Forgiveness in Fleabag is primarily explored through three of Fleabag’s most central relationships: her relationship with the Priest, with her sister Claire, and with herself.

Fleabag’s Priest represents a theological understanding of guilt and forgiveness. Given his commitment to the Catholic faith, the Priest suggests that the matter of forgiveness is unambiguous: confess and God will forgive you. However, throughout her encounters with the Priest, Fleabag begs the question: where does forgiveness come from in a world without God? This question is especially pertinent given that Fleabag confesses her dark secrets to the audience in series one, to no relief. It appears that Fleabag is drawn to the Priest and his understanding of guilt in her search for forgiveness, urging herself to understand the Priest’s Christian convictions. However, she and the Priest cannot reconcile their ways of life, and Fleabag cannot find forgiveness in his world.

Throughout the series, Fleabag thinks very little of herself, valuing her worth according to her sex appeal

Fleabag’s relationship with her sister Claire represents a form of forgiveness that, if less straightforward than the Priest’s attitude, has a far more tangible effect on her life. The sisters are estranged at the end of series one, following Fleabag’s revelation that Claire’s chauvinistic husband Martin (Brett Gelman) tried to kiss her. Claire chooses to belief Martin, who denies such an act, stating that Fleabag is untrustworthy given her role in Boo’s death. At the start of series two, the sisters have not spoken for a year. However, as the first episode develops it becomes clear that the sisters have forgiven each other. This forgiveness is not represented conventionally, through an emotional apology, or a grand speech. Instead, the forgiveness is implicit, reflected in their actions throughout the episode: after months of no contact, when the sisters need each other for support and protection, they step up in an instant.

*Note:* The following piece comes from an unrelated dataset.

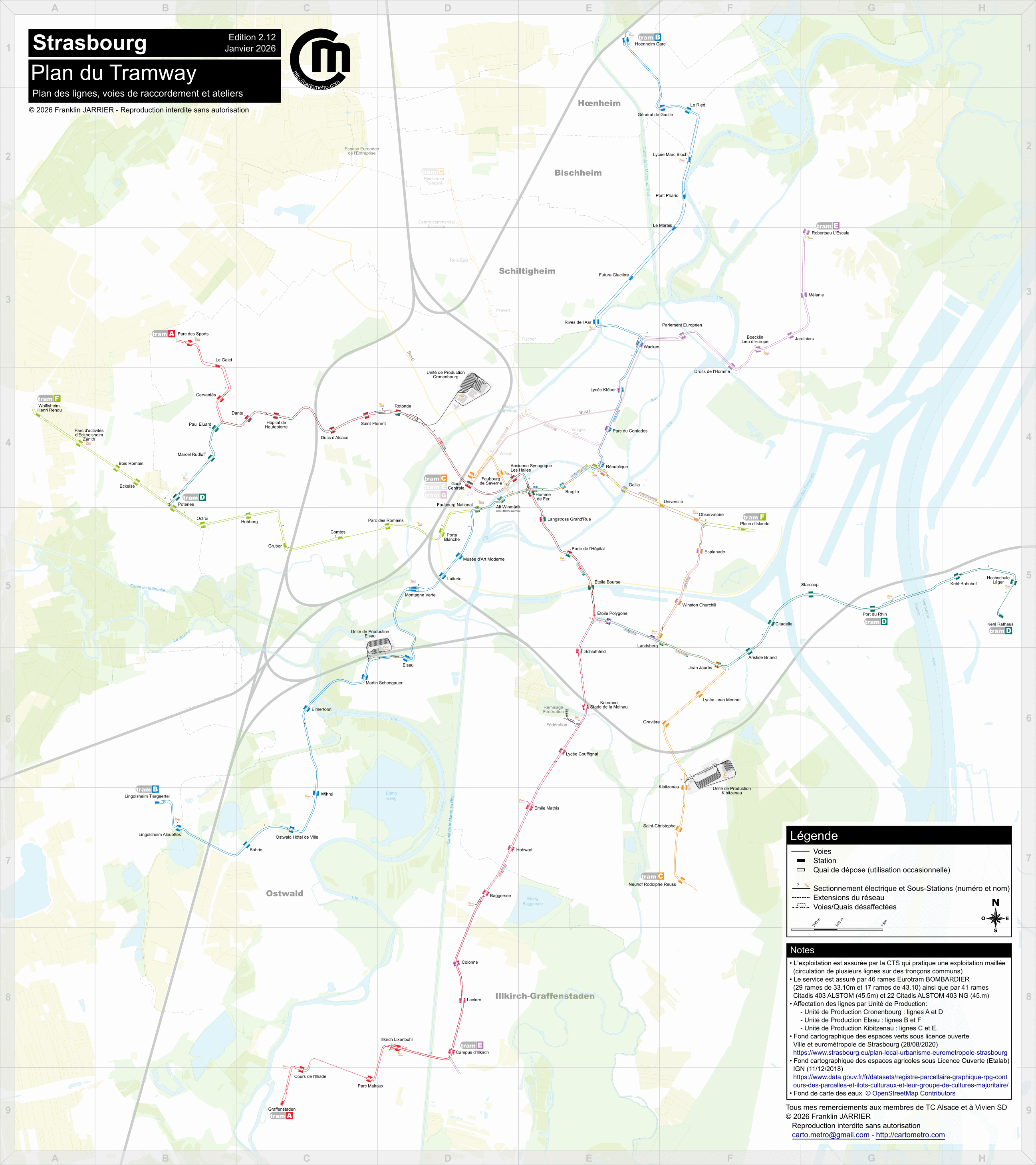 | Carte détaillée* du réseau tramway de Strasbourg |

Wordlessly communicating, as siblings do, they put aside their differences without a hint of resentment and break their year’s silence, looking out for each other above anything else. Forgiveness comes easily to the sisters, reflecting their unbreakable alliance as they stand united against the world.

Despite these sources of forgiveness that surround Fleabag, her grief and guilt do not begin to diminish until she moves towards forgiving herself. Throughout the series, Fleabag thinks very little of herself, valuing her worth according to her sex appeal. She pushes away those who look to connect with her, believing that she is not worthy of a meaningful relationship, given how she destroyed her friendship with Boo. However, following her encounters with the Priest who, given his celibacy, helps her understand that she is valuable beyond the world of sex. She begins to look upon herself in a kinder light. It is through mending her relationship with herself that Fleabag is able to mend her relationship with others and create connections that endure. Fleabag moves towards forgiveness by acknowledging her worth, letting herself stand up for those she cares about and accepting the inevitability of mistakes and the permissibility of moving past them: “People make mistakes. That’s why they put rubbers on the ends of pencils,”. Given this portrayal of introspective forgiveness, Fleabag delivers a powerful story about personal growth and self-love.

Waller-Bridge delivers a masterclass in beautiful, concise writing. Fleabag will not waste a second of your time as it encourages you to appreciate how you should love yourself and others. Like the Priest said, “We must choose the right place to put our love.”